> [ABOUT THIS EXERCISE] Return an exact copy of the data, starting at its first line and ending at the line that contains "Sun & Lace offers", minus any pictures.
[DATASET RECORDS — start]
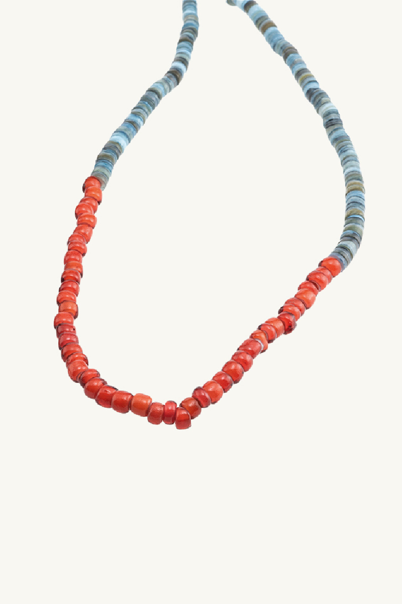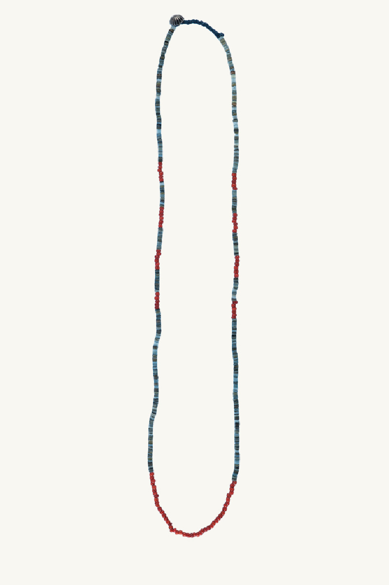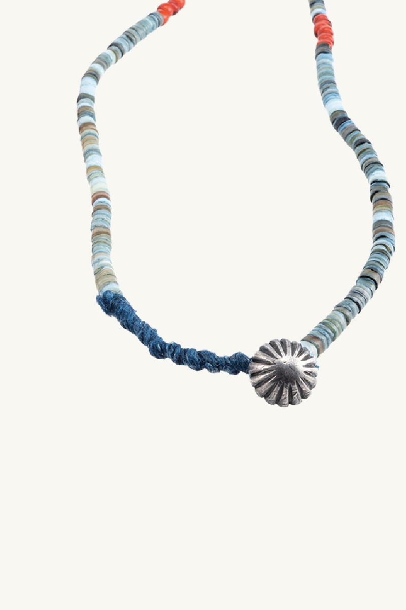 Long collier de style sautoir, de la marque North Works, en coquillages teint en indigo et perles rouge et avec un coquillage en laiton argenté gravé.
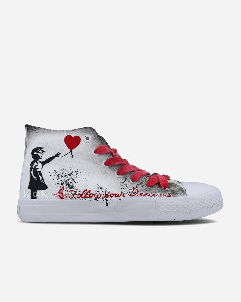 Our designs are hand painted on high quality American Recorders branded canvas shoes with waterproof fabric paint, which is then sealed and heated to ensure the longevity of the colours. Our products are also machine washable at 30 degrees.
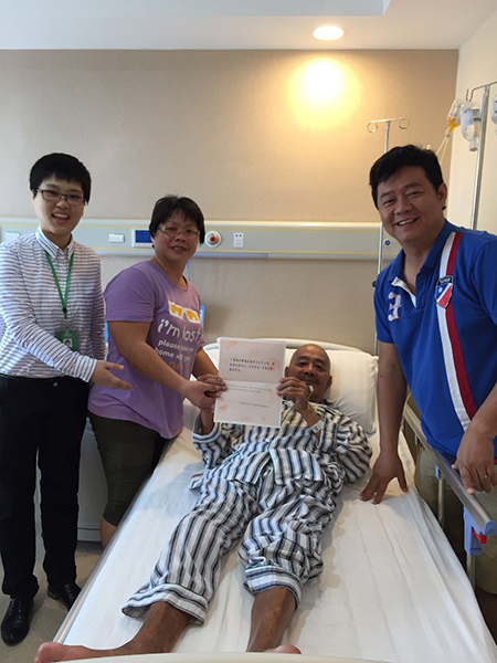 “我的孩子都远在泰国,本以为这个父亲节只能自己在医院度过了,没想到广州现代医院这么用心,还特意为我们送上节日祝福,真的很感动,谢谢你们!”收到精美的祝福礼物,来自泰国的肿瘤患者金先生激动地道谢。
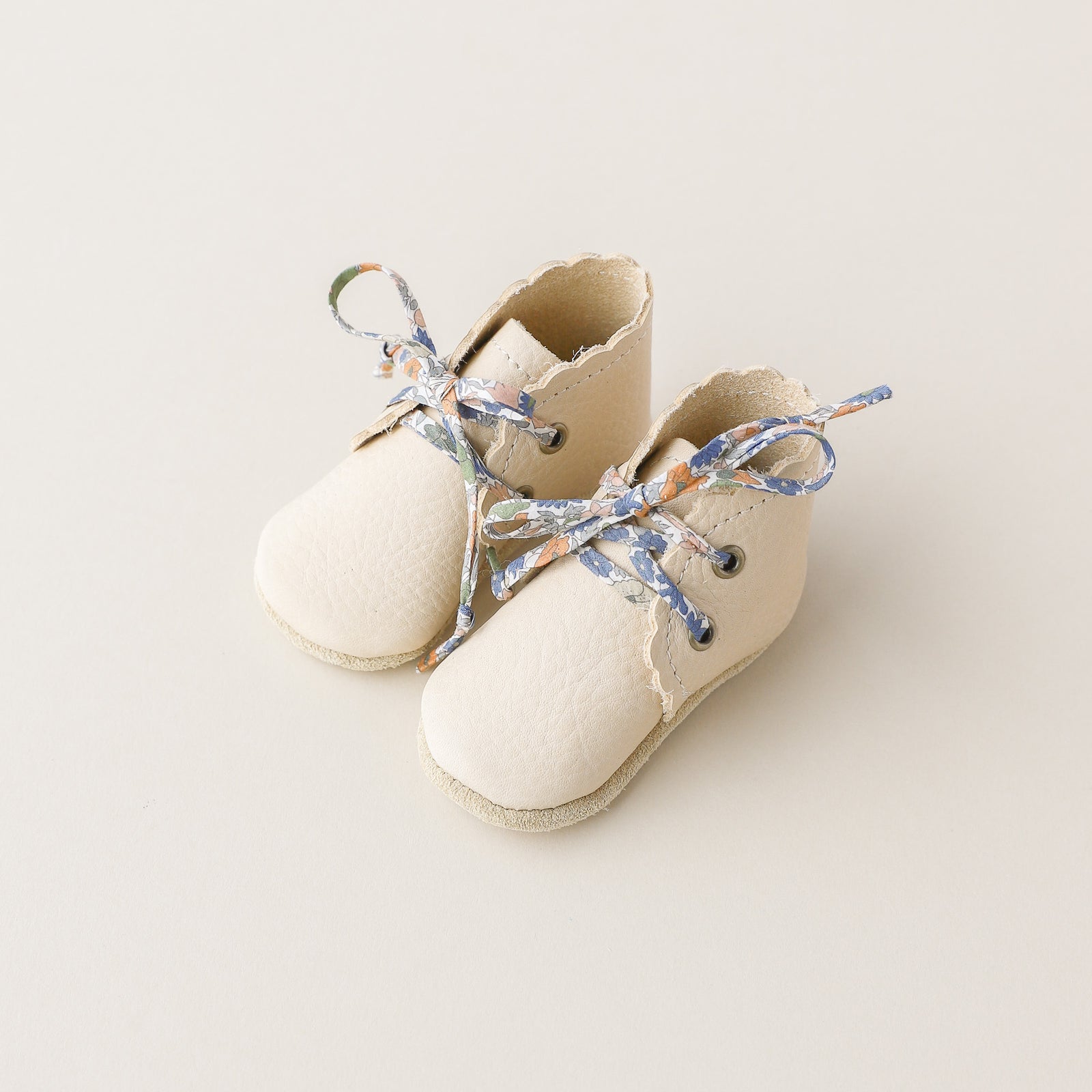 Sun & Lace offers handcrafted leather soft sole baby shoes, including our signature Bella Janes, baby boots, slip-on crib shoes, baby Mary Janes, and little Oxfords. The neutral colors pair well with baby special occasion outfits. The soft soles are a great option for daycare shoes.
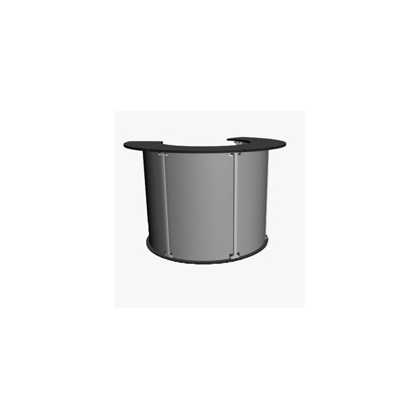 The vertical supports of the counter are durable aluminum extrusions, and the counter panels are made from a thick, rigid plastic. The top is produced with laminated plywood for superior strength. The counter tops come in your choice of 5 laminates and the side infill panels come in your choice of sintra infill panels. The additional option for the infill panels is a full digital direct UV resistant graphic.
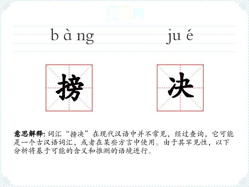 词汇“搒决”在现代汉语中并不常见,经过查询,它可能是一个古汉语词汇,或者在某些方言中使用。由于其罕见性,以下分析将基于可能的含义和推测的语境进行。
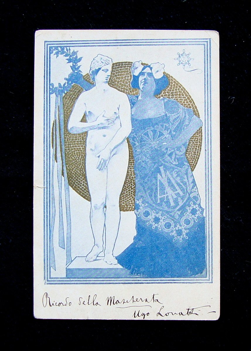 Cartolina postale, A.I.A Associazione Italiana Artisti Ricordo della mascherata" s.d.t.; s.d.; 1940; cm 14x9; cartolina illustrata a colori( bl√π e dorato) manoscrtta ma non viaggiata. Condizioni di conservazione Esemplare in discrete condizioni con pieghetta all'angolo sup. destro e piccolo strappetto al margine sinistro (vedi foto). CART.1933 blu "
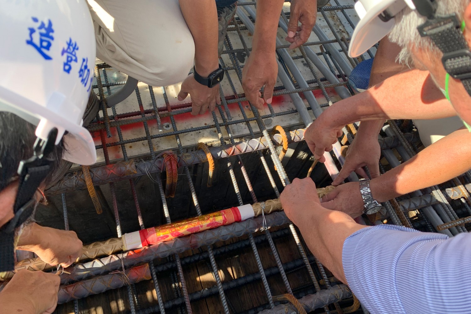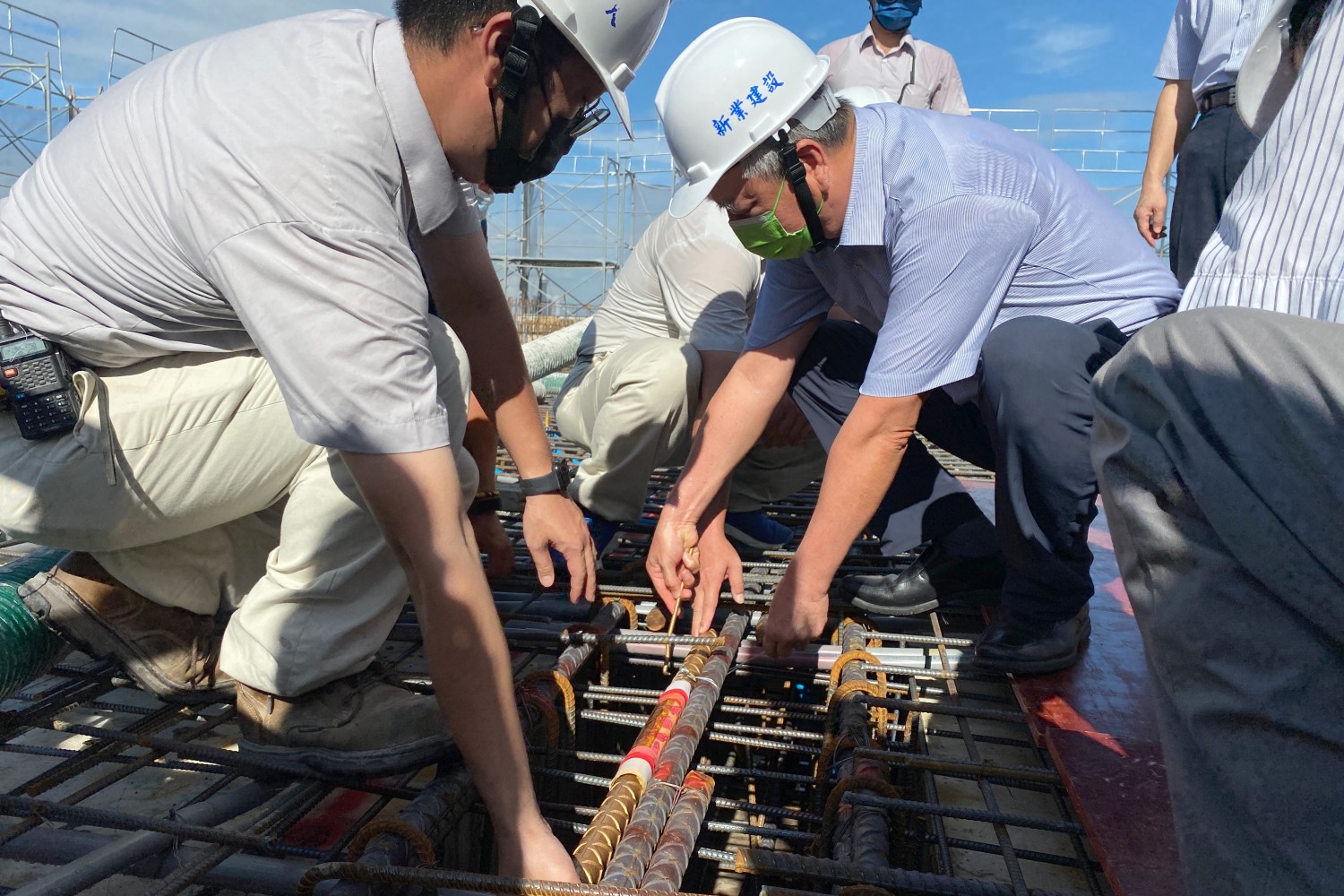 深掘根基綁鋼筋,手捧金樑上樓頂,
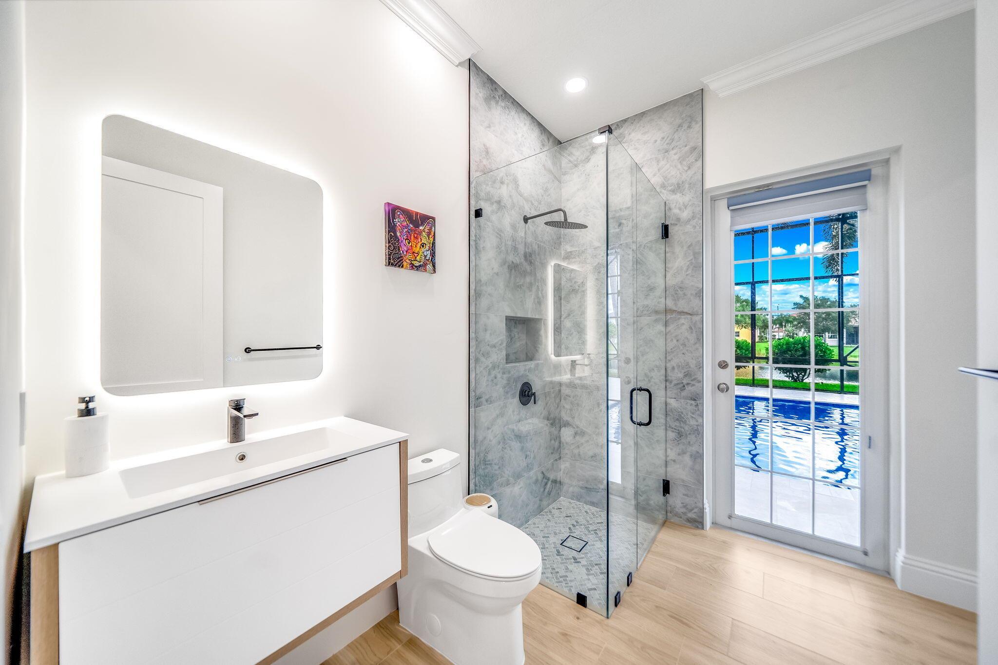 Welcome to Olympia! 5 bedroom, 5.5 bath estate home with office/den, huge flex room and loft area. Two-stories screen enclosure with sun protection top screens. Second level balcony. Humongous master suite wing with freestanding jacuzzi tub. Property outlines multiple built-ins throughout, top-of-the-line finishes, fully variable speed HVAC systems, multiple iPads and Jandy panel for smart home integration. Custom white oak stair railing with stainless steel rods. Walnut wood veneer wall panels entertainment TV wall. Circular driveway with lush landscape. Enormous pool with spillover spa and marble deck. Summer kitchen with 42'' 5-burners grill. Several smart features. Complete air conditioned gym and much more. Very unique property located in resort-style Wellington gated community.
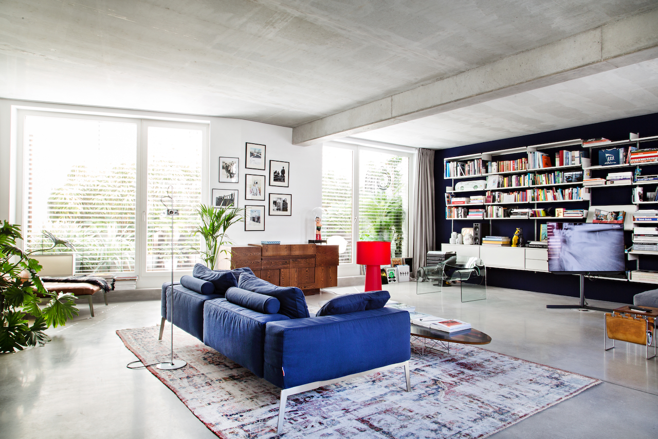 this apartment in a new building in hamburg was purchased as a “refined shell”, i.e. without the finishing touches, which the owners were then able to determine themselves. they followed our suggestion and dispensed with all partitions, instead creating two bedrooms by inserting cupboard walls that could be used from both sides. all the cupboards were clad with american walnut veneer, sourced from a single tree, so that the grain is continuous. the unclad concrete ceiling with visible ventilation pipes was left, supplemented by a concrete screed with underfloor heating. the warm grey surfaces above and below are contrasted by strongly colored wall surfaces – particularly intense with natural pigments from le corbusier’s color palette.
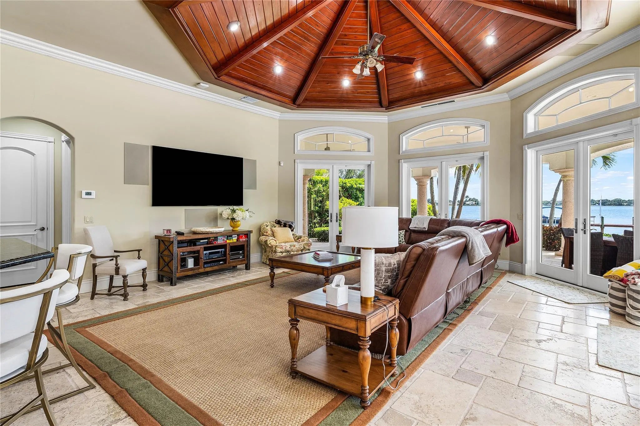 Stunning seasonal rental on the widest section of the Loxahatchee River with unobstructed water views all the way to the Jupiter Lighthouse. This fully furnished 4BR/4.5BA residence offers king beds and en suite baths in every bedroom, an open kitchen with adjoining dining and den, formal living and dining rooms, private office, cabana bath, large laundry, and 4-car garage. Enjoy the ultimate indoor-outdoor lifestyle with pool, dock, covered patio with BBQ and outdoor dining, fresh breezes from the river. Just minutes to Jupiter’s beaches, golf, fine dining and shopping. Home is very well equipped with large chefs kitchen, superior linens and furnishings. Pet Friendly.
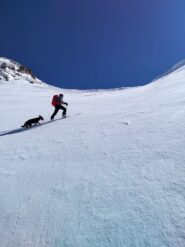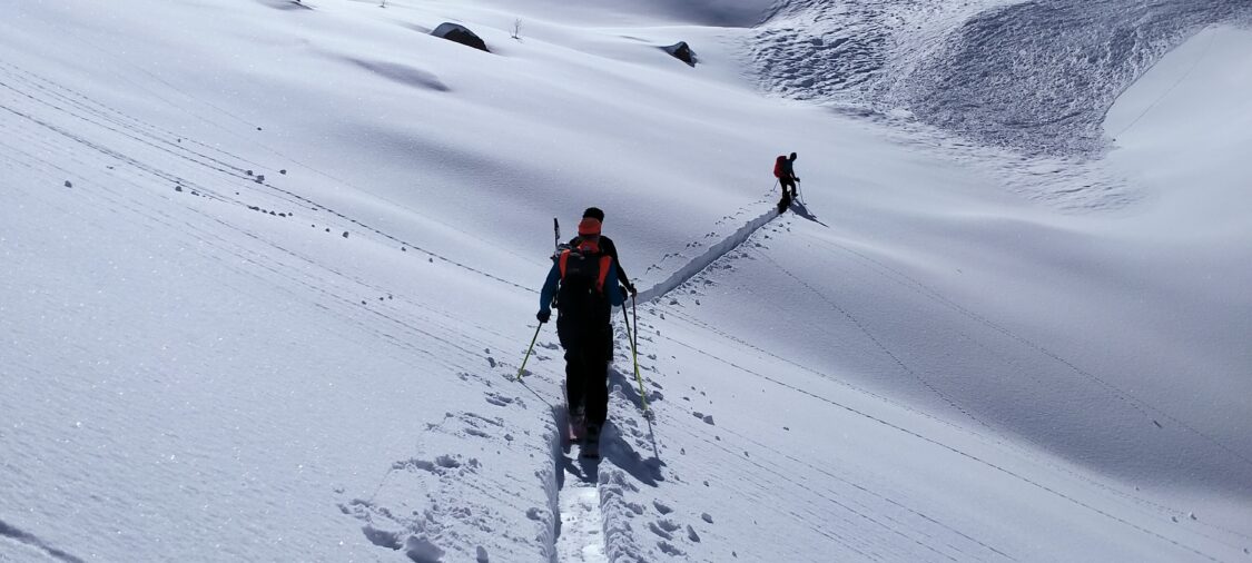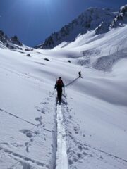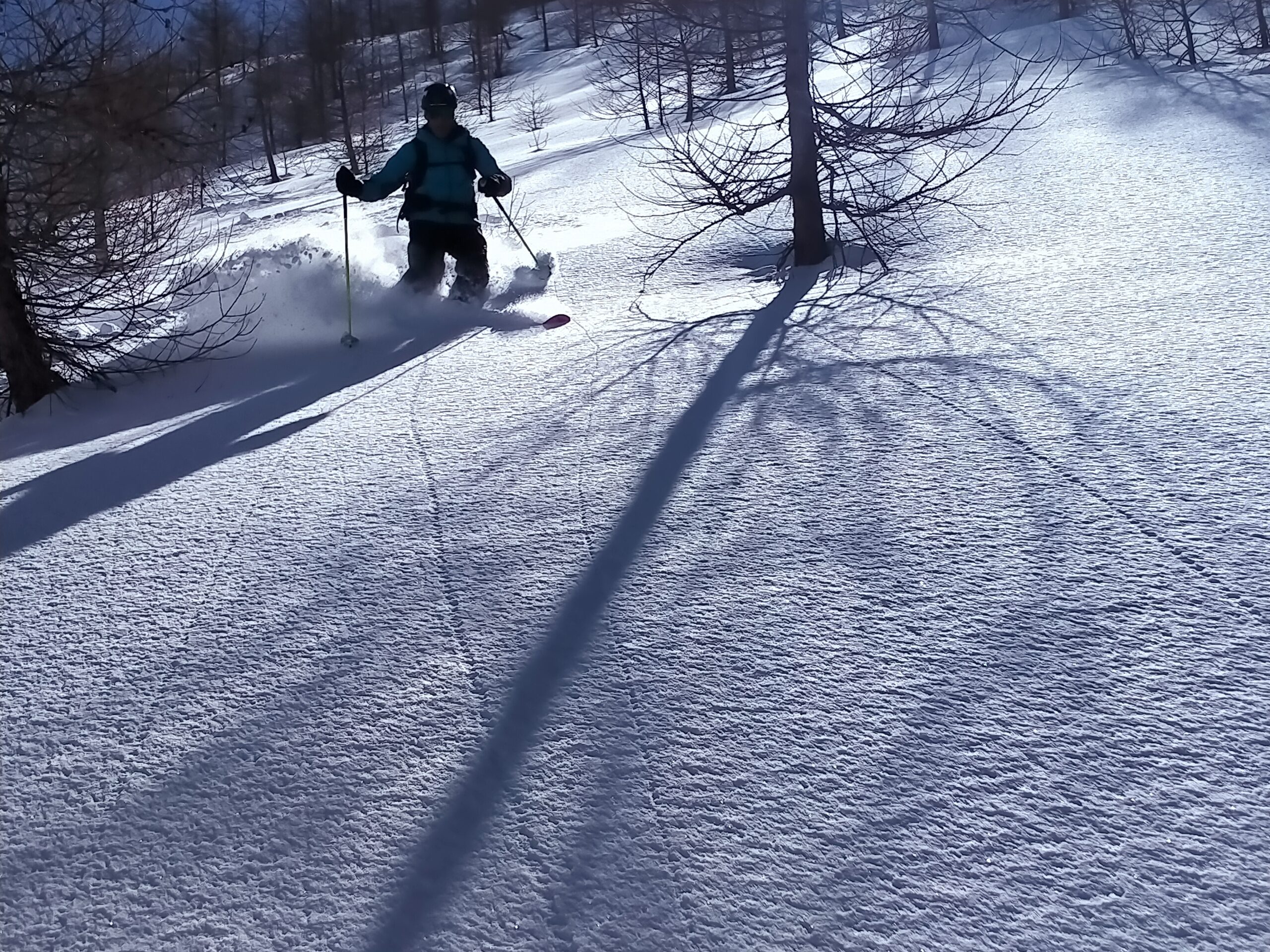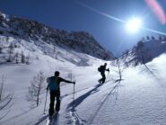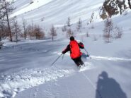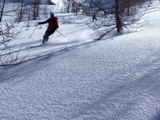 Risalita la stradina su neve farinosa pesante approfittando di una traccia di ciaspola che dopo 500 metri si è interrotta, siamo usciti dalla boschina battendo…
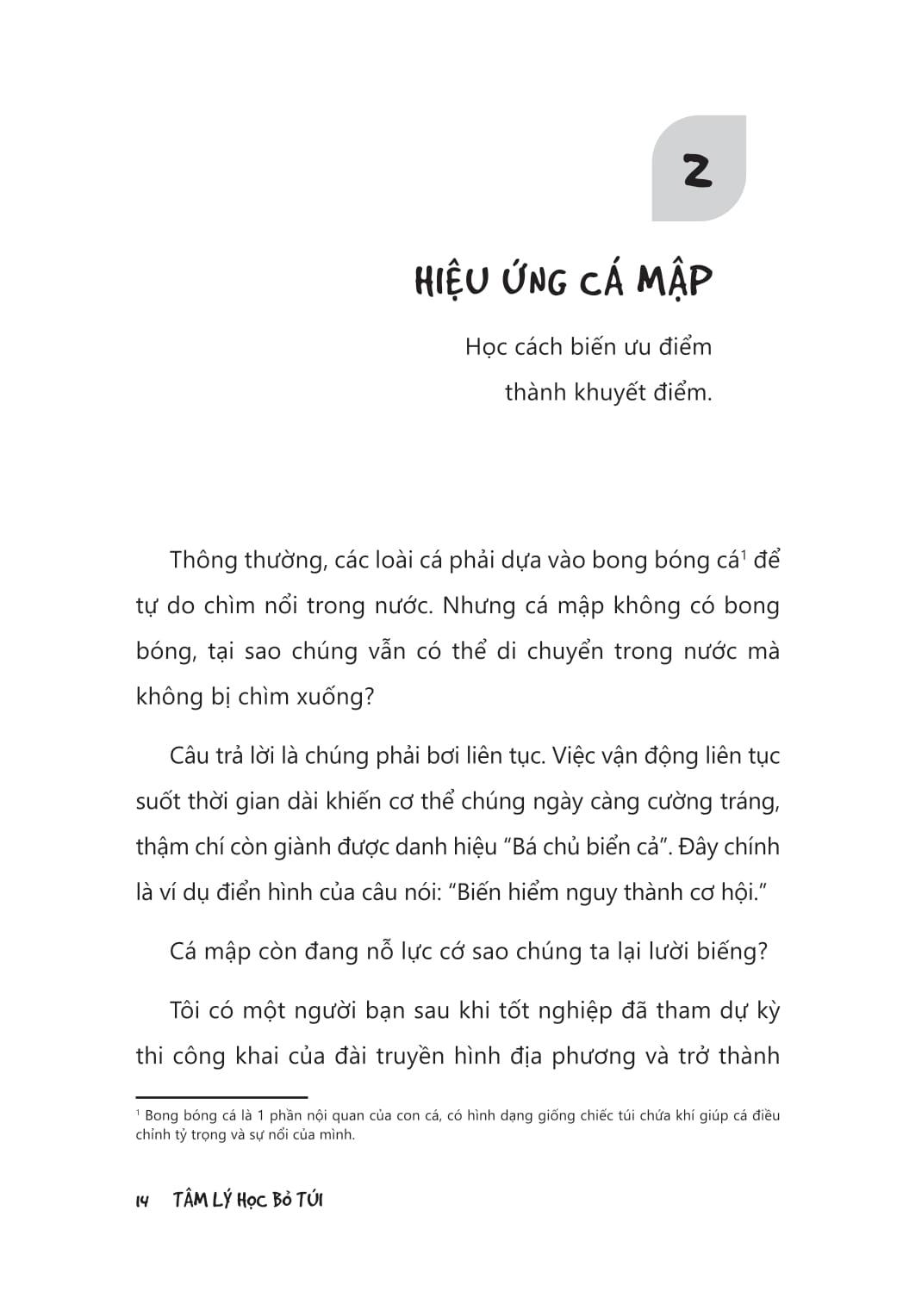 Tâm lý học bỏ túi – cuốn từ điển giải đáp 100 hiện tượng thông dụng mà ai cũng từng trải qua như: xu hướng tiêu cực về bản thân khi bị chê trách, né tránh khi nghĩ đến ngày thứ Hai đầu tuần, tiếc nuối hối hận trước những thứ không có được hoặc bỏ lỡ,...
[DATASET RECORDS — finish]
> [RESULT]
 Long collier de style sautoir, de la marque North Works, en coquillages teint en indigo et perles rouge et avec un coquillage en laiton argenté gravé.
 Our designs are hand painted on high quality American Recorders branded canvas shoes with waterproof fabric paint, which is then sealed and heated to ensure the longevity of the colours. Our products are also machine washable at 30 degrees.
 “我的孩子都远在泰国,本以为这个父亲节只能自己在医院度过了,没想到广州现代医院这么用心,还特意为我们送上节日祝福,真的很感动,谢谢你们!”收到精美的祝福礼物,来自泰国的肿瘤患者金先生激动地道谢。
 Sun & Lace offers handcrafted leather soft sole baby shoes, including our signature Bella Janes, baby boots, slip-on crib shoes, baby Mary Janes, and little Oxfords. The neutral colors pair well with baby special occasion outfits. The soft soles are a great option for daycare shoes.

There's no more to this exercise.